Theoretical and Practical Implications
- Theoretical: The paper provides a rigorous mathematical analysis of multi-reward GRPO scalarization, proving the instability of RC (Proposition 1) and the superior properties of DVAO (Propositions 2 & 3). DVAO formally guarantees bounded advantage magnitudes and introduces a novel, data-driven cross-objective regularization mechanism.

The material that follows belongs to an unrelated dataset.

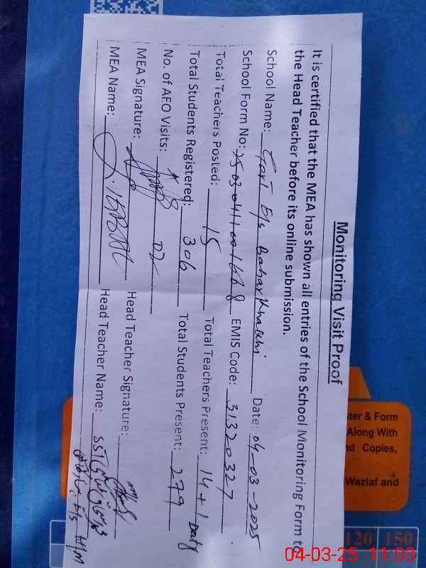 | EMIS Code: 31320327 | Name of School: GES BAHAR KHAKHI | |||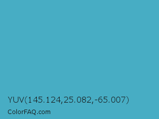 YUV 145.124,25.082,-65.007 Color is a normal cyan color and the nearest color is Maximum Blue #47abcc. Hex code #47adc4 and RGB value is rgb(71,173,196). In RGB color space, this color is composed of 28% red, 68% green, 77% blue, In CMYK color space, this color is composed of 64% cyan, 12% magenta, 0% yellow , 23% black , In HSL color space, this color has a hue angle of 191° , 51% saturation and 52% lightness.

- Practical: DVAO offers a hyperparameter-free, dynamic weighting scheme that significantly improves the stability and effectiveness of multi-objective RLHF for LLMs. It enables the training of models that excel at primary tasks (e.g., reasoning accuracy) while robustly adhering to critical auxiliary constraints (e.g., response length, tool-calling format), which is essential for real-world deployment.
Conclusion
The paper identifies fundamental flaws in standard multi-reward scalarization techniques for GRPO: Reward Combination leads to training instability due to large advantage magnitudes, and Advantage Combination relies on static weights and ignores cross-objective correlations. To address these, the authors propose Dynamic Variance-adaptive Advantage Optimization (DVAO), which dynamically adjusts combination weights based on the empirical variance of each objective's rewards. DVAO is proven to maintain bounded advantage magnitudes and introduce an implicit cross-objective regularization. Extensive experiments demonstrate that DVAO achieves a superior Pareto optimal policy, effectively balancing multiple objectives without manual hyperparameter tuning. Future work will explore scaling DVAO to environments with more reward functions and extending its mechanism to broader alignment paradigms.